Fruit Fly Research Sheds Light on Stem Cell Function | Eastern North Carolina Now

    Publisher's note: The author of this post, Jules Norwood, is a contributor to ECU News Services.

    Researchers believe stem cells may be a key to resolving birth defects and diseases such as cancer, and now a project in East Carolina University's Department of Biology is aimed at better understanding the properties and mechanisms of those cells.

    Dr. Elizabeth Ables, assistant professor of biology, was recently awarded a three-year, $347,000 grant from the National Institutes of Health to support her work on the project. The funding will pay for supplies and support the lab's team of graduate and undergraduate research students, who are studying stem cells -cells that retain the ability to develop into other types of cells -in fruit flies.


Elizabeth Ables, assistant professor of biology, has received an NIH grant to fund
her lab's research into cell fate mechanisms. (Photos by Cliff Hollis)


    The grant and the research have a two-fold purpose: to work toward answers to unresolved questions in the field, and to encourage and enable students to get hands-on training in biomedical research.

    "The students are the ones who are doing the experiments and collecting data," Ables said. "I'm helping them design experiments and working at the bench with them, and we work together to interpret and present the results. This apprentice type of training is really invaluable to a research student's career."

    Stem cells are important to researchers and clinicians because they could one day provide a source of healthy, new specialized cells that could be used to replace lost or damaged cells in patients, Ables explained. Her lab is researching the mechanisms by which certain cells either remain stem cells, or become differentiated, which means that they begin the process of becoming a specialized type of cell such as a skin cell.

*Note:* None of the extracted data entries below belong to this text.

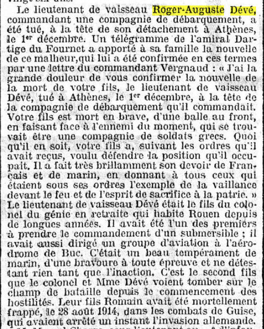 de vaisseau Dévé fut tué d'une balle à la tempe. En dehors de lui,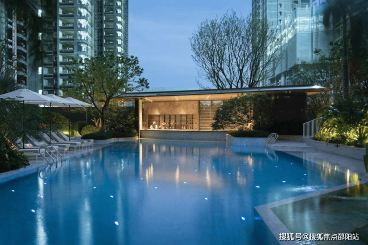 更震撼的是,社区既有成人泳池、儿童戏水池以及度假会客厅,还设置了躺椅、凉亭、水吧台等,度假风拉满。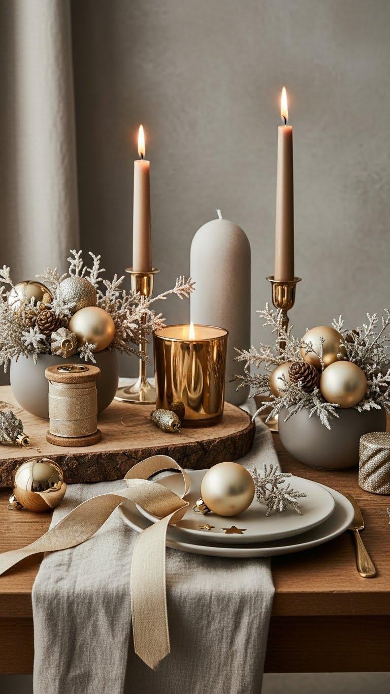 Blending soft metallics into your neutral holiday palette adds just the right amount of sparkle without shouting, letting warmth and restraint coexist. You’ll balance soft brass ornaments, champagne accents on ribbon and candles, and matte neutrals to keep things elegant. Mix textures—linen, wood, satin—to stay modern yet relaxed. Keep arrangements minimal so each metallic detail breathes and feels intentionally free.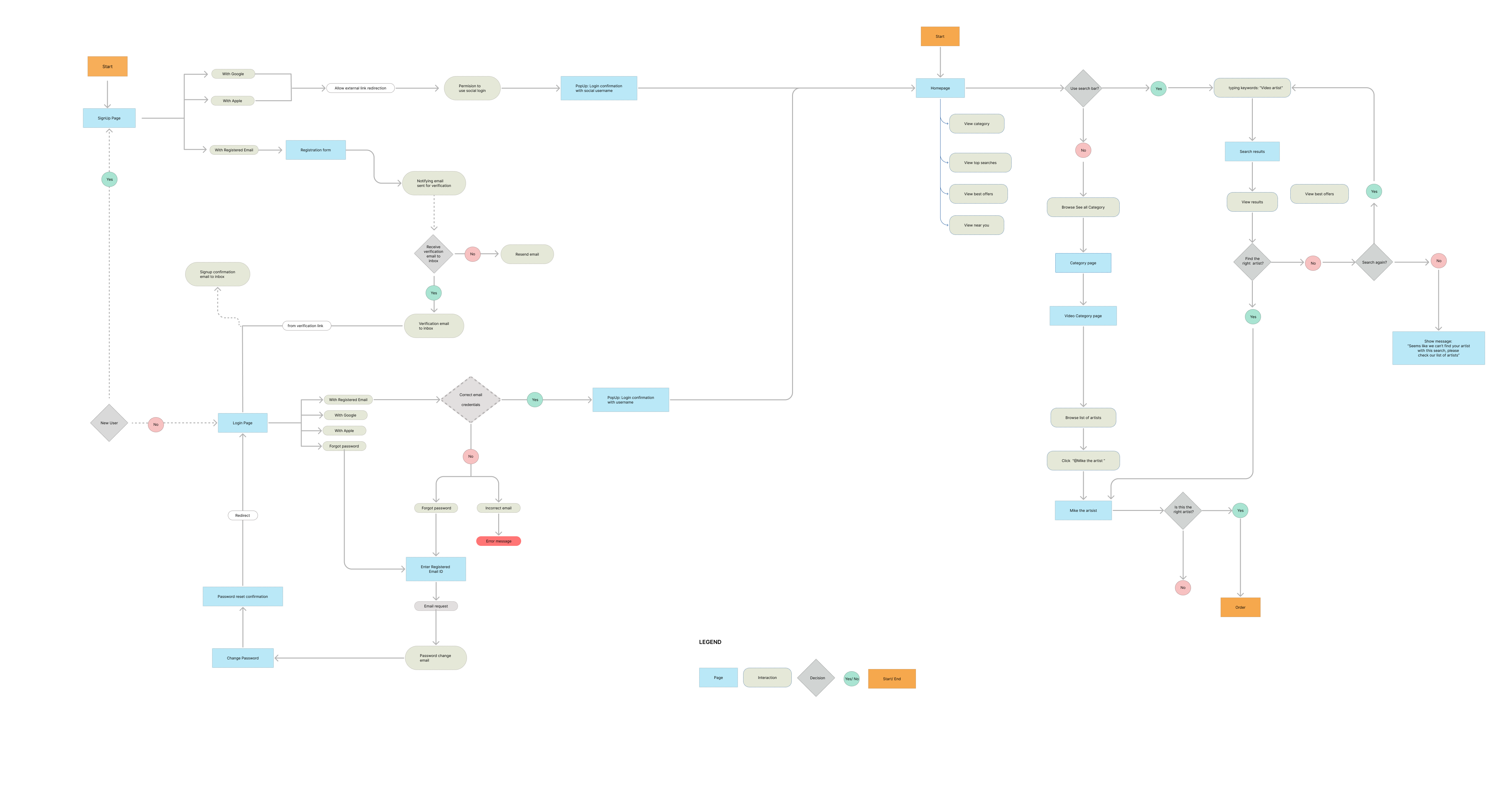 Based on the personas defined, a set of features was created in conjunction with the needs and pain points identified. Further, the features were structured in a user flow diagram to help create a prototype of a minimum viable product.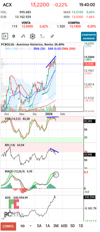 - (ACX) en Bolsa de Madrid -Del Día: lunes, 19 de enero de 2026
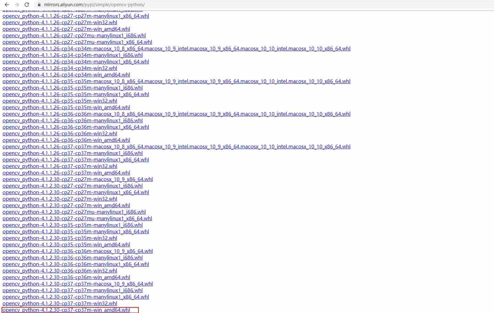 可在阿里云的鏡像倉庫內查看opencv-python目前所支持python版本,cp**代表支持的python版本。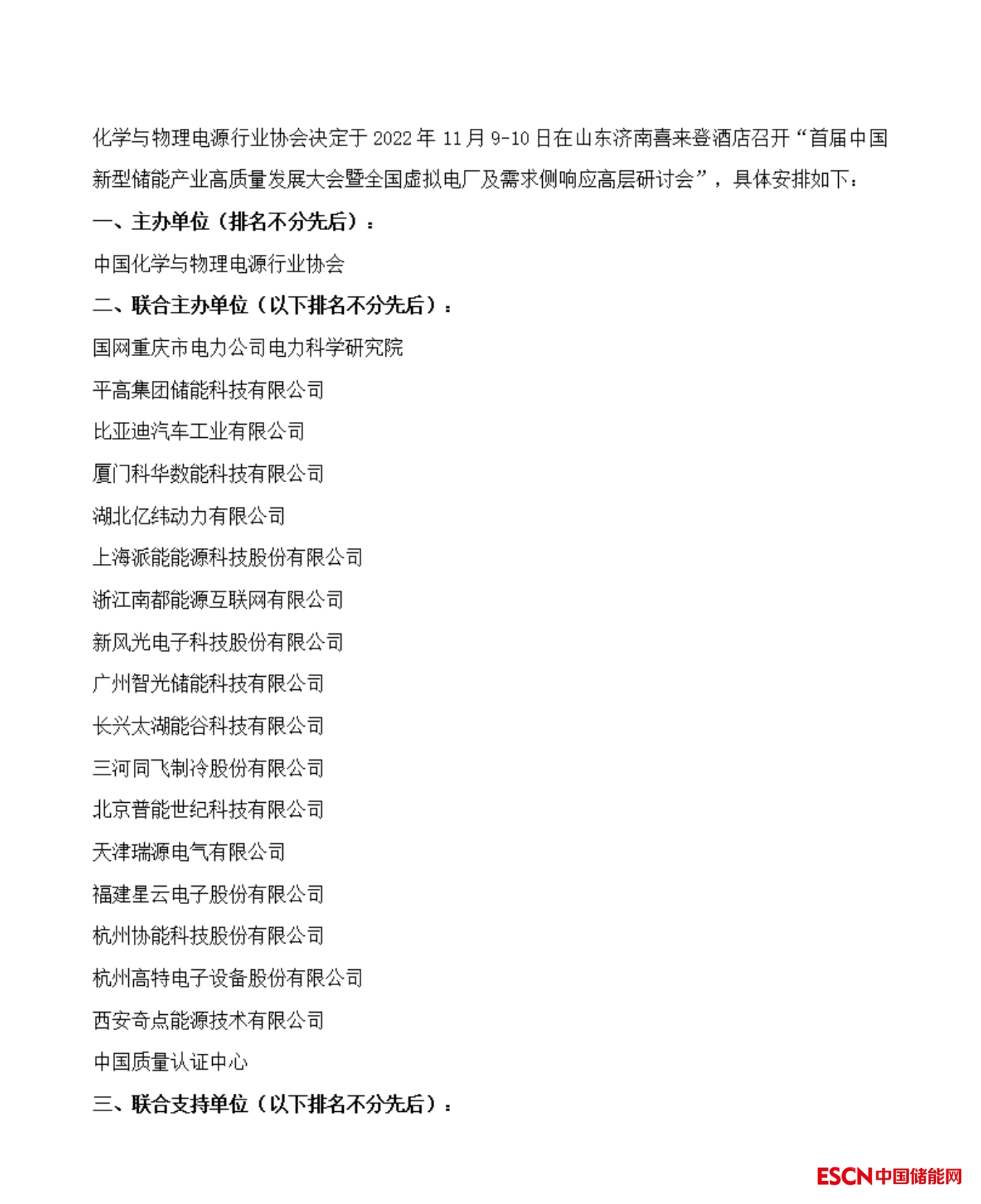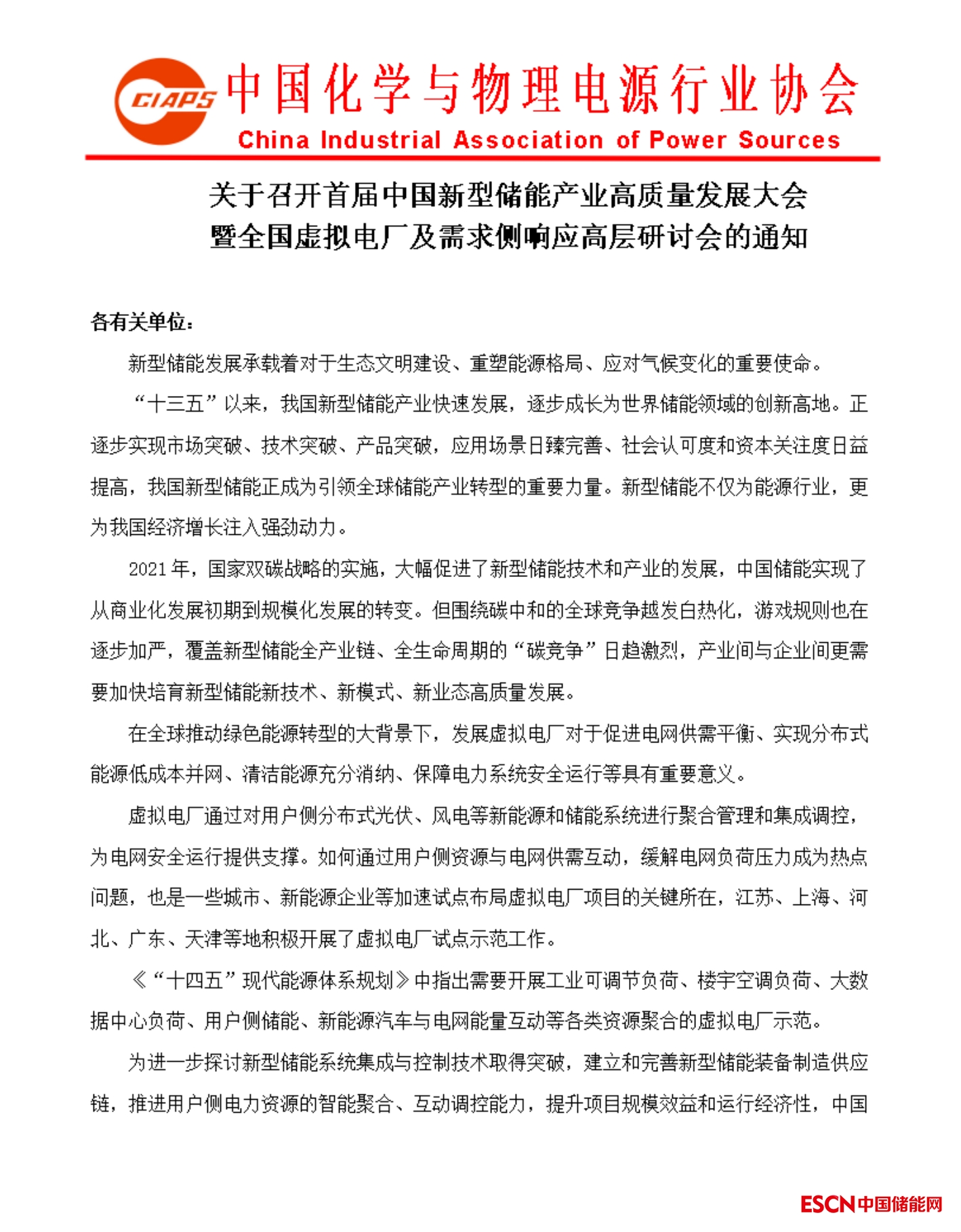 為進一步探討新型儲能系統(tǒng)集成與控制技術取得突破,建立和完善新型儲能裝備制造供應鏈,推進用戶側(cè)電力資源的智能聚合、互動調(diào)控能力,提升項目規(guī)模效益和運行經(jīng)濟性,中國化學與物理電源行業(yè)協(xié)會決定于2022年11月9-10日在山東濟南喜來登酒店召開“首屆中國新型儲能產(chǎn)業(yè)高質(zhì)量發(fā)展大會暨全國虛擬電廠及需求側(cè)響應高層研討會”,具體安排如下:

    The research is centered on tissue-resident stem cells, which generally replenish their specific host tissues and organs, unlike embryonic stem cells, which can produce nearly all types of cells.

    "We know there are a couple of things that have to go on here," she said. "Stem cells have to have the right combination of factors to stay in this naïve (undifferentiated) state, but they also have to be able to divide and make more cells, which in most cases they will only do when they are triggered to do so."

    "So we're interested in finding the factors that guard the balance between the two."

Drosophila, the common vinegar fly, is used
as a model for cell research.
    Ables' lab uses fruit flies as a prototype in order to study those questions.

    "Fruit flies are a really fantastic model to understand the mechanisms of stem cell differentiation, mostly because we know a lot about them already," she said. Fruit flies have been at the forefront of genetic research for more than 100 years, and "many of the molecular mechanisms driving stem cell identity and function were discovered in Drosophila," Ables said.

    There are a wide variety of genetic and technological tools that can be used to study the fruit fly's cells, specifically the female germline stem cells. "We can examine and manipulate individual cells directly in their tissue environment, which is much harder to do in mammals," Ables added.

    By studying the effects of steroid hormones such as estrogen and testosterone on the stem cells, she hopes to discover how tissue-resident stem cells remain unspecialized while making new daughter cells in response to physiological demand.

    Ultimately, the project could have important implications for stem cell therapy.

    "Given that it is critical to numerous issues in human medicine that we improve our understanding of both steroid hormones and stem cell regulation, it is not surprising that the NIH has provided her with a generous and prestigious three-year grant," said Dr. Jeff McKinnon, chair of the biology department. "Her research could lay groundwork for innovations in regenerative medicine and disease treatment."

    McKinnon commended Ables for her work as a mentor of both graduate and undergraduate student researchers. She was also recently featured in a new faculty spotlight from the Genetics Society of America, a leading non-profit organization supporting genetic research. More information on Dr. Ables' research can be found at www.ecu.edu.


The research team includes both graduate and undergraduate students.
Pictured from left are Amelia Helms, Victoria Hardy, Elizabeth Ables and Danielle Finger.